Анатолий Алексин - Про нашу семью
Учительница Валентина Георгиевна была уверена, что каждый день моих зимних каникул будет очень счастливым.
Она сказала: «Я в этом не сомневаюсь!» Но прошло целых пять дней, а счастья все не было.
«Отвыкнут разговаривать друг с другом, — рассуждал я. — А потом…» Мне стало страшно. И я твердо решил помирить маму с папой.
Действовать надо было быстро, решительно. Но как?..
Я где-то читал или даже слышал по радио, что радость и горе объединяют людей. Конечно, доставить радость труднее, чем горе. Чтобы обрадовать человека, сделать его счастливым, надо потрудиться, поискать, постараться. А испортить настроение легче всего! Но не хочется… И я решил начать с радости.
Если бы я ходил в школу, то сделал бы невозможное: получил бы четверку по геометрии. Математичка говорит, что у меня нет никакого «пространственного представления», и даже написала об этом в письме, адресованном папе. А я вдруг приношу четверку! Мама с папой целуют меня, а потом и сами целуются…
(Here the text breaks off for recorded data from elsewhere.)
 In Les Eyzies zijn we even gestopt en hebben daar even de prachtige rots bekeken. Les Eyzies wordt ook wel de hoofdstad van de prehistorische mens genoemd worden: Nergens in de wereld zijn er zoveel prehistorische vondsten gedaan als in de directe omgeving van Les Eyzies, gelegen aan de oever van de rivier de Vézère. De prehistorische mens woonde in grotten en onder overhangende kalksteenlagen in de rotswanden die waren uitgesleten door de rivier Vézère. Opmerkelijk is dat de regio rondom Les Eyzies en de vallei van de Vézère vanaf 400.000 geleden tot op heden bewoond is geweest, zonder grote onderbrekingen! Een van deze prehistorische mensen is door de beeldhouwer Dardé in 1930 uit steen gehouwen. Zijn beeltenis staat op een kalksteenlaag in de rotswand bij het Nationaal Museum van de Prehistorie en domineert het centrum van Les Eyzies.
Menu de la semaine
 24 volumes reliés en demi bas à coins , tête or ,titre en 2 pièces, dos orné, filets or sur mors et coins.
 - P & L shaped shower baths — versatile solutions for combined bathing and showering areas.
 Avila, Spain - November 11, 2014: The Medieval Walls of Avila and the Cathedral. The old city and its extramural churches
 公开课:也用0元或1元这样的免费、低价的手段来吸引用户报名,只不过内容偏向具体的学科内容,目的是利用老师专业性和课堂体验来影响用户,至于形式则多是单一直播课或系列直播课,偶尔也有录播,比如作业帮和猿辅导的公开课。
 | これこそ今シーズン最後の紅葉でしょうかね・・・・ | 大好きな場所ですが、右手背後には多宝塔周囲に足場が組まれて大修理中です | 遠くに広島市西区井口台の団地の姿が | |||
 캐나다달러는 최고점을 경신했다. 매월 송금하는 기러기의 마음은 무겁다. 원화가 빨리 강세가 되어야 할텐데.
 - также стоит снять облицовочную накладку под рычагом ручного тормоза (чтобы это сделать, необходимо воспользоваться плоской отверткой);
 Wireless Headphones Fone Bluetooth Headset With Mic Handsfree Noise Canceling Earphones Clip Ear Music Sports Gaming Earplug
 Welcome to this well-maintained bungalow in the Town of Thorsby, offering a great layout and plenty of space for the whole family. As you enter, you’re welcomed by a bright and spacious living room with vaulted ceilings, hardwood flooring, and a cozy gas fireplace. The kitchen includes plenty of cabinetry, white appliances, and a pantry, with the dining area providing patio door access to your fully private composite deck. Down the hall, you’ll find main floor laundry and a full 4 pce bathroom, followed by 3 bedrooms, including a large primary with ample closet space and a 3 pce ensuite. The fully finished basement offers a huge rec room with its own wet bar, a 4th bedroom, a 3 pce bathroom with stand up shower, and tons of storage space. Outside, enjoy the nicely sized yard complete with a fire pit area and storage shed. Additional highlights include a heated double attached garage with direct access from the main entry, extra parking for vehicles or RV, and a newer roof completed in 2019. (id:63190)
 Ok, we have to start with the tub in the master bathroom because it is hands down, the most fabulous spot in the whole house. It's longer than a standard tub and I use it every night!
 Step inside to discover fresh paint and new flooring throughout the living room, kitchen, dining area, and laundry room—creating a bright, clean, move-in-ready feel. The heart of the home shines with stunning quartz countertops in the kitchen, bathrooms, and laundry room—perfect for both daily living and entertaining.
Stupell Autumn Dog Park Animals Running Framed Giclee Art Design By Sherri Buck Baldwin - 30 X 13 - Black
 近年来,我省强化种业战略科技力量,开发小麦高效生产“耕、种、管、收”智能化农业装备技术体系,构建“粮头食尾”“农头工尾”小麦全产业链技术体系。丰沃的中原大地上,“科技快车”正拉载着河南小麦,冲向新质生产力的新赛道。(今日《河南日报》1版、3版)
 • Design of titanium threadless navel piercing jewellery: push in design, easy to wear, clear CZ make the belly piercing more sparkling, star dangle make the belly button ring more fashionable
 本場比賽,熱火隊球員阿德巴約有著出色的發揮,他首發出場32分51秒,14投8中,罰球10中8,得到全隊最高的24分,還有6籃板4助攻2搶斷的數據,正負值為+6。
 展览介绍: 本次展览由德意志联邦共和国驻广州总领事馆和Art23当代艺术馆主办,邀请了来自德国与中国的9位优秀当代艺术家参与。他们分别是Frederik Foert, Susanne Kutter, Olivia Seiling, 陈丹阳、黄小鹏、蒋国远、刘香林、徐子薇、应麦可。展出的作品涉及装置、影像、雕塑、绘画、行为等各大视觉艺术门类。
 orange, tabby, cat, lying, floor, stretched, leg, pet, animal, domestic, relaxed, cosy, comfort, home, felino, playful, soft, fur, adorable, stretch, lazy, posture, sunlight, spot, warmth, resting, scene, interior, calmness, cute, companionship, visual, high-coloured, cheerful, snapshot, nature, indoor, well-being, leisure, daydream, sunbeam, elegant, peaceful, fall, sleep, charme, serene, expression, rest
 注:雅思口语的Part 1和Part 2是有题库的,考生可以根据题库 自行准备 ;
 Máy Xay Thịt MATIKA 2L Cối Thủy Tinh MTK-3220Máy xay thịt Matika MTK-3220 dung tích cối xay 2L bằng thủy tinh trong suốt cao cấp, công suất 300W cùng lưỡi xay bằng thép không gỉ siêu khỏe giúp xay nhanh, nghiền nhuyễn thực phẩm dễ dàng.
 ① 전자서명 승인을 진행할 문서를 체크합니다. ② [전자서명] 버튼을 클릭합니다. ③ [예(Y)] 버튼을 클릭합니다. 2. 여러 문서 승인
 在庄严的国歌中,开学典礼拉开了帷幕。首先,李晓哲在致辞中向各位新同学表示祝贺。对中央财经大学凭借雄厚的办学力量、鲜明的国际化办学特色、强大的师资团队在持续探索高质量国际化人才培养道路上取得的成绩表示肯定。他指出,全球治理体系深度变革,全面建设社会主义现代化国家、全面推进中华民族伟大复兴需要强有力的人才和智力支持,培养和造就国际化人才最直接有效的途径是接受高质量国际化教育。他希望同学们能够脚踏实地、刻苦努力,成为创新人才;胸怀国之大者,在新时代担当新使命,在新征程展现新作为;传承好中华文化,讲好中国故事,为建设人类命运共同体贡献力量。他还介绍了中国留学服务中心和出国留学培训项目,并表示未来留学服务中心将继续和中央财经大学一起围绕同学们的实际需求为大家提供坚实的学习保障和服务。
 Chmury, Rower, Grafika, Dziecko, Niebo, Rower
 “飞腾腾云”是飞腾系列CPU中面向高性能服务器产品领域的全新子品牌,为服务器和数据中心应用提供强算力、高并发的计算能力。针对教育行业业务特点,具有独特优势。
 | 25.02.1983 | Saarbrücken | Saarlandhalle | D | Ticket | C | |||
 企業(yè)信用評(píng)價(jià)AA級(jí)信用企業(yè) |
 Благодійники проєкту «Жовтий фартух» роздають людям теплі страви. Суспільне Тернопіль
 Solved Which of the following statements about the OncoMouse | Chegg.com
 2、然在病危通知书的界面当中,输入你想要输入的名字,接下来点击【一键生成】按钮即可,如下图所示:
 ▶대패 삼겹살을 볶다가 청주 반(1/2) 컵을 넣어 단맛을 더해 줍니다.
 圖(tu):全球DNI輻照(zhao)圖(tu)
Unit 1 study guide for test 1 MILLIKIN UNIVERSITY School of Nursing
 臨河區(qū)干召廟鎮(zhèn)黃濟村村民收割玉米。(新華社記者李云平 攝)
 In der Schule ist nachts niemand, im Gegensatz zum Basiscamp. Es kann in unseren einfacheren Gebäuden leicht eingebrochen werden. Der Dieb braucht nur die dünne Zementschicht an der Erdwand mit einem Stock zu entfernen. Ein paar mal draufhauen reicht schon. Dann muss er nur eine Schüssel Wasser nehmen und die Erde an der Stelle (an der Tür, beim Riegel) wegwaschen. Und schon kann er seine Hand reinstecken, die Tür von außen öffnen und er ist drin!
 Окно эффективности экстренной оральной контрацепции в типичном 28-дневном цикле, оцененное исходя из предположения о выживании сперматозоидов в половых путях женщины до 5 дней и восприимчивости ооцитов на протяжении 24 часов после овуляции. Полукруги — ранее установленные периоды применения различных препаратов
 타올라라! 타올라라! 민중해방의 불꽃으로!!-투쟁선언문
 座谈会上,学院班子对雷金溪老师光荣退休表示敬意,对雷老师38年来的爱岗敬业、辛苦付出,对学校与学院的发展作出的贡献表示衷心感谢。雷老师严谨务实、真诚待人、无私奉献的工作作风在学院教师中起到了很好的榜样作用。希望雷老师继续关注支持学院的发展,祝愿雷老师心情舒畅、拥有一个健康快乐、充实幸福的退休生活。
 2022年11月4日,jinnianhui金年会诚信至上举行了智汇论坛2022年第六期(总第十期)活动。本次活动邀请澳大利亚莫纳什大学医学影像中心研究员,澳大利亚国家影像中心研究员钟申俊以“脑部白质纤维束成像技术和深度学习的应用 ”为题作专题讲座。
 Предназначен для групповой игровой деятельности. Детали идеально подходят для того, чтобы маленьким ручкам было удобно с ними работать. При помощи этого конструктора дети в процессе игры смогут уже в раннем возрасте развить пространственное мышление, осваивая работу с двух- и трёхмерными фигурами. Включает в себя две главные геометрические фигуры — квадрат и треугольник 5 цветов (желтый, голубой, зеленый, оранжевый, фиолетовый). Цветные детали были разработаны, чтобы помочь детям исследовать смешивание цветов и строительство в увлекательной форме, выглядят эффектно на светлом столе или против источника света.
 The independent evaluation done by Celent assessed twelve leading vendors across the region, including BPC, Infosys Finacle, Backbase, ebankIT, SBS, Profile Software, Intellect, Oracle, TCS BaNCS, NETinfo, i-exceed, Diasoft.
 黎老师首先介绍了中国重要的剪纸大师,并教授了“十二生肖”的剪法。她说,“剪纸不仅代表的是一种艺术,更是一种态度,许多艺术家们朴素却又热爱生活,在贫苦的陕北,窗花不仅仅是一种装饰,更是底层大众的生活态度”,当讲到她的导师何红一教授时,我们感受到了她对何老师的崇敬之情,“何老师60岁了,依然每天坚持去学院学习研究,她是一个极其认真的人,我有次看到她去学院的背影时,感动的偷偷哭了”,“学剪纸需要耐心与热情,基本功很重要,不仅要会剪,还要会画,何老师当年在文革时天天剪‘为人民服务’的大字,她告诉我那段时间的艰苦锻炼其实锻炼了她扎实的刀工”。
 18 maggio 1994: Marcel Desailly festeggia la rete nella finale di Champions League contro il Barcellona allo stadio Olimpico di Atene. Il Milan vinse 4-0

Но это были мечты: никто еще не получал отметок во время каникул!
Какую же радость можно было доставить родителям в эти дни?
Я решил произвести дома уборку. Я долго возился с тряпками и со щетками. Но беда была в том, что мама накануне Нового года сама целый день убиралась. А когда моешь уже вымытый пол и вытираешь тряпкой шкаф, на котором нет пыли, никто потом не замечает твоей работы.
Мои родители, вернувшись вечером, обратили внимание не на то, что пол был весь чистый, а на то, что я был весь грязный.
— Делал уборку! — сообщил я.
— Очень хорошо, что ты стараешься помочь маме, — сказал папа, не глядя в мамину сторону.
Мама поцеловала меня и погладила по голове, как какого-нибудь круглого сироту.
На следующий день я, хоть были каникулы, поднялся в семь утра, включил радио и стал делать гимнастику и обтирание, чего раньше не делал почти ни разу. Я топал по квартире, громко дышал и брызгался.
— Отцу тоже не мешало бы этим заняться, — сказала мама, не глядя на папу.
А папа погладил меня по шее… Я чуть не расплакался.
Одним словом, радость не объединяла их. Не примиряла… Они радовались как-то порознь, в одиночку.
И тогда я пошел на крайность: я решил объединить их при помощи горя!
Конечно, лучше всего было бы заболеть. Я готов был все каникулы пролежать в постели, метаться в бреду и глотать любые лекарства, лишь бы мои родители вновь заговорили друг с другом. И все было бы снова, как прежде… Да, конечно, лучше всего было бы сделать вид, что я заболел тяжело, почти неизлечимо. Но, к сожалению, на свете существовали градусники и врачи.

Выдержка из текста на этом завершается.